In summary, then, while the tree-structured, flexible directory of MS-DOS is often hailed as an "advance," in practice it often proves to be a source of confusion and frustration to users at all levels of experience. In contrast, while CP/M's directory structure is limited and inflexible, it is also easy to understand and, perhaps more importantly, easy to use.
(BAMDUA Editor's Note: I have found that user areas are quite a boon in a number of respects. On the MD3, using DSDD drives, we have room for over 300K for files, as you know. Sometimes it is convenient to have all the files that go with one program in a user area separate from the files that go with another program if both programs are on the same disk.

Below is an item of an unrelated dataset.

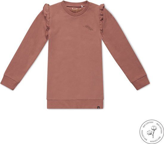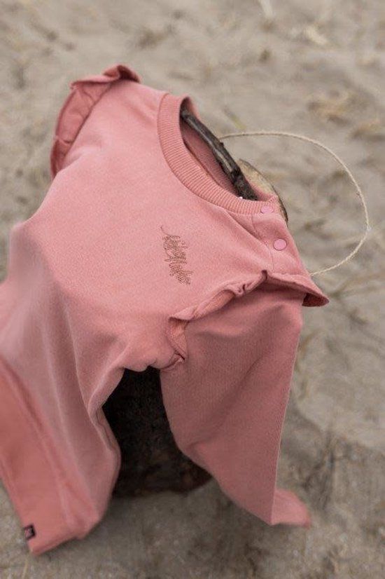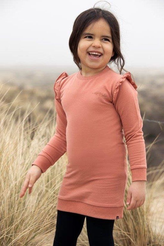 Koko Noko jurk gemaakt van biologisch katoen. De oudroze jurk heeft lange mouwen en ruffles op de schouders.Specificaties

Also, if you want an alternative to creating a library but do want a set of files placed together and separate from another set of files, using different user areas for the two groups is an ideal and simple solution. Of course, Newsweep can look into any area you tell it to! Even more of a boon is the use of user areas with quad density drives. In that case, well over 700K of space is available for files thus one disk can contain a good many of the programs and utilities you like to use repeatedly. I have placed my favorite utilities in one area, separate from programs for writing, which in turn are separate from special print formatting programs. Well, you get the idea -- it is very handy!).